The actual investigation results were calculations of the wind speed values and directions near obstacles of different forms as compared with the wind tunnel experiment data (Trombetti et al. 1991; Martinuzzi and Tropea 1993; Tavakol et al. 2010). For illustration, Figs 3 through 5 present the vertical profiles of the flow velocity longitudinal component (along the x axis) in front of the obstacle and over and behind it on the obstacle symmetry axis (y = 0) for the x-coordinates given in Table 2. The estimated velocity at a particular height u (y) was reduced to the value of the inlet flow velocity U0. The origin of the x axis coincides with the obstacle center.

Table 2.

Coordinates for determination of the flow velocity profiles in front of, over and behind the obstacle in units of the obstacle height H

Obstacle In front of Over Behind
Hill –0.5 0 0.5
Hemisphere –1.17 0 1.17
Cube –1.5 0 1.5
Figure 3. 

Vertical profiles of the wind speed longitudinal component in front of the obstacles: solid line – calculation; diamonds – experimental data (Trombetti et al. 1991; Martinuzzi and Tropea 1993; Tavakol et al. 2010).

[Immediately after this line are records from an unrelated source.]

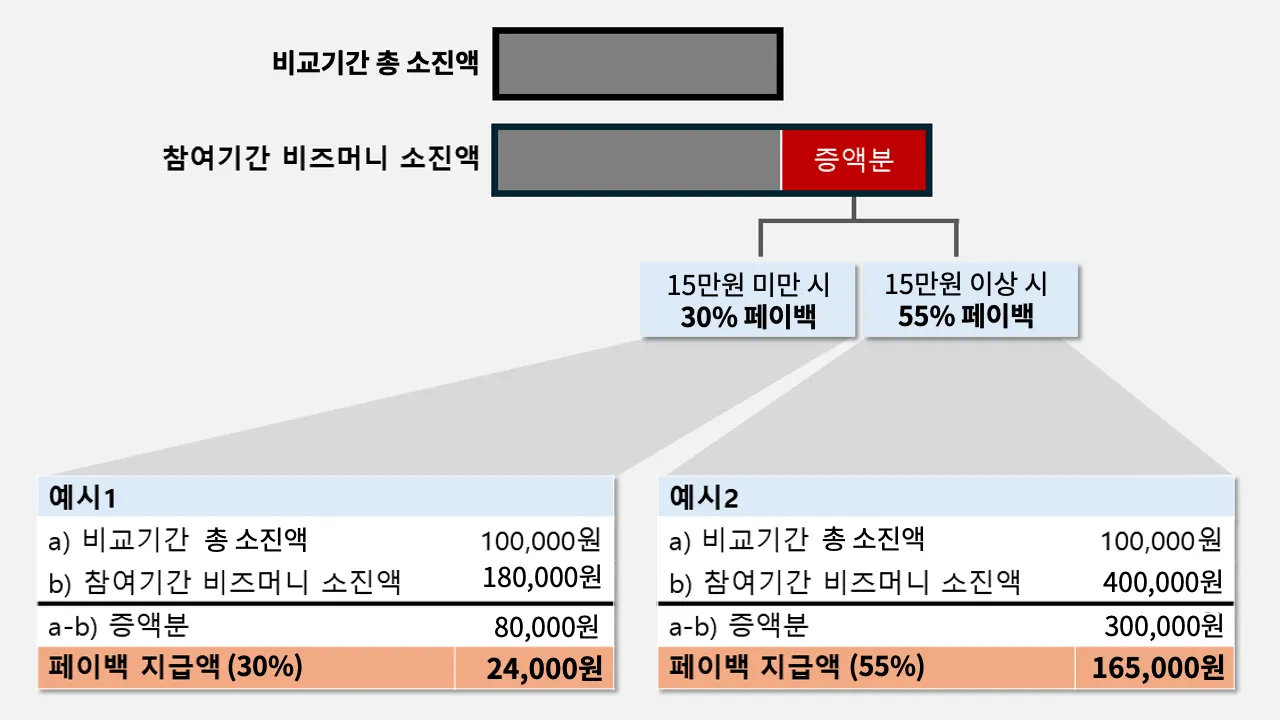 참여 조건 | 비교 기간 총 소진액 대비 참여 기간 비즈머니 소진액 1원 이상 증가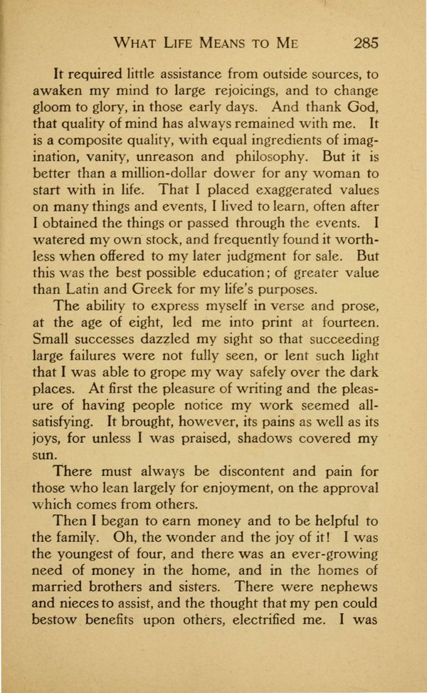 Then I began to earn money and to be helpful to the family. Oh, the wonder and the joy of it! I was the youngest of four, and there was an ever-growing need of money in the home, and in the homes of married brothers and sisters. There were nephews and nieces to assist, and the thought that my pen could bestow benefits upon others, electrified me. I was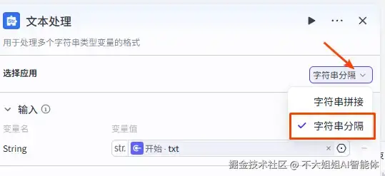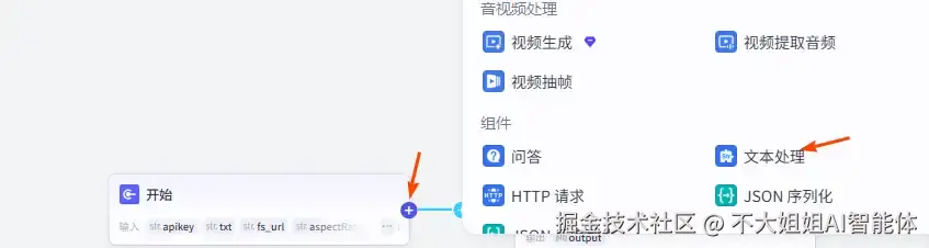 在【文本处理】组件后添加设置,输出设置暂不设置。
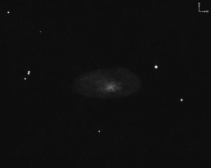 M 63: Sehr helle Galaxie, ca. 3:1 elongiert O-W. Im Süden ist sie etwas abgeflachter und der Ostteil ist heller. Sonst sind keine Strukturen zu erkennen.

The flow distortion is minor in front of the obstacle with the distances from same being of the order of the obstacle height as such (Fig. 3). The reduced speed deviation from unity is explained by the influence of the computational region’s upper and lower boundaries. For the cube, the boundary conditions for both planes define the zero velocity (the wall condition). And the region under consideration is only twice as high as the obstacle. For the latter, however, the flow deceleration in the area y < H is noticeable as the distribution of the considered and measured velocities is asymmetrical relative to the midpoint y = H. Symmetry conditions were set for the calculations of the hill and the hemishpere flown around on the upper boundary due to which there is no deceleration on it. There is a low back flow of u(y) < 0 near the very ground, caused by the swirling in the lower part of the obstacle, found in the calculations and experiments for the hemisphere. On the whole, the coincidence of the estimated and experimental data can be regarded as fairly sastifactory.

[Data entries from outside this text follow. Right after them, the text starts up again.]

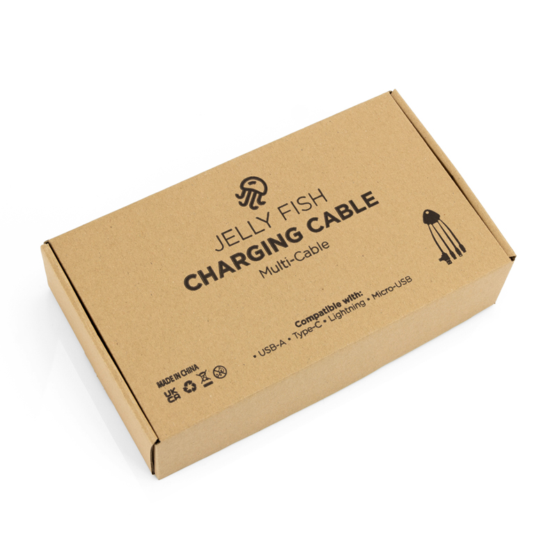 No matter the device, the ECO Jellyfish charger will keep you charging! Featuring Type-C, Lightning and Micro-USB connectors, you will be able to charge a wide range of devices- simply plug into a certified charger or computer to start charging your devices. Each of the Jellyfish’s cable arms are between 88 – 92mm, with the USB and Type-C arm being 1 metre long. The 1 Metre long cable arm will come coiled up with a twist tie to ensure it is kept compact for shipment and transport. MOQ: 50 units.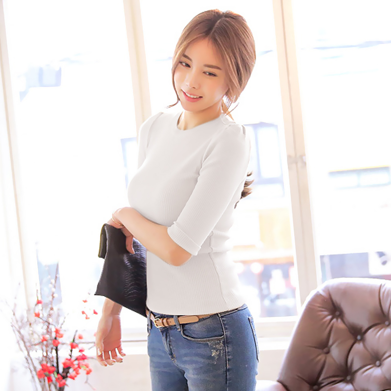/ 中袖圓領短款針織衫女 秋季套頭打底針織衫毛衣女顯瘦毛衣女外套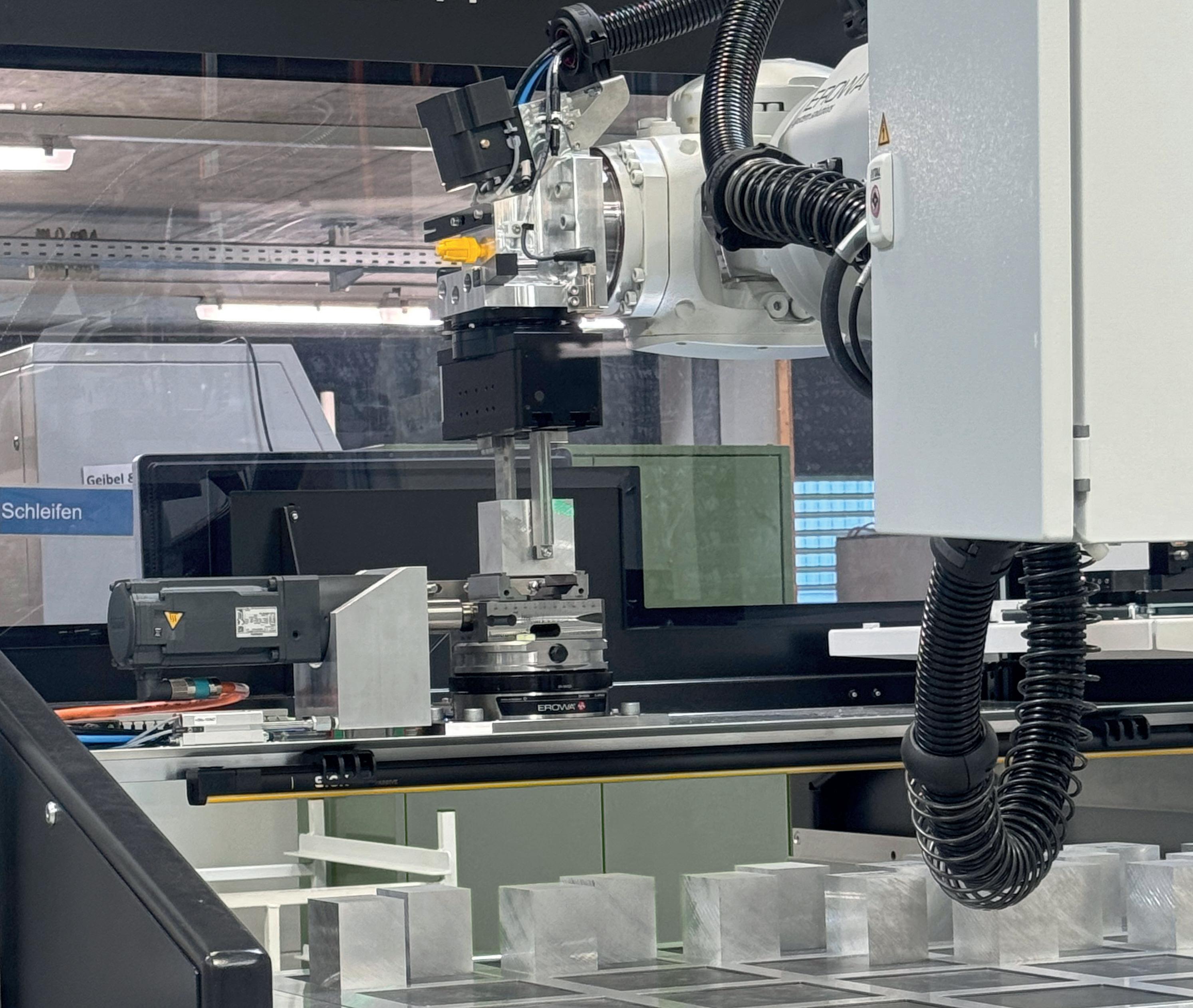 Technologie de préhension interchangeable : Une pince servo intégrée assure une préhension flexible : les pièces, les doigts de la pince peuvent être positionnés avec précision pour chaque opération et fermés avec la force souhaitée. Pour les étapes suivantes, telles que l‘usinage de la deuxième face, les pièces pré-usinées peuvent être serrées de manière classique sur des supports EROWA. Grâce au changement automatique de préhenseur du Robot Six, les palettes peuvent également être transférées vers les machines en « vol ».

The profiles of the wind speed longitudinal component obtained immediately over the obstacle center are shown in Fig. 4. These also exhibit a good agreement between the calculations and the experiments. Besides, both the calculations and the experiments show an extensive vortex and back flow area on the upper face of the obstacle least flown around (cube). And there is also an accelerated flow observed over this area.

Figure 4. 

Vertical profiles of the wind speed longitudinal component over the obstacles: solid line – calculation; diamonds – experimental data (Trombetti et al. 1991; Martinuzzi and Tropea 1993; Tavakol et al. 2010).

The distribution of velocities behind the obstacle and, especially, in its air shadow (Fig. 5) is characterized by the flow deceleration and swirling in the reverse direction – it is the larger, the less flown around the obstacle is. This effect is most profound for the cube. On the whole, simulation gives an overestimation of the velocity in the back flow area as compared with the experiment. The maximum differences in the absolute velocity values are observed in the area with the highest turbulence (immediately behind the obstacle near the ground surface). Such overestimation has been most likely caused by an assumption of isotropic viscosity in the numerical model which is not exact, specifically near the ground surface where the intensity of turbulence varies greatly in space. Unfortunately, the sources we used (Trombetti et al. 1991; Martinuzzi and Tropea 1993; Tavakol et al. 2010) do not contain data on the experimental data uncertainties.

Figure 5. 

Vertical profiles of the wind speed longitudinal component behind the obstacles: solid line – calculation; diamonds – experimental data (Trombetti et al. 1991; Martinuzzi and Tropea 1993; Tavakol et al. 2010).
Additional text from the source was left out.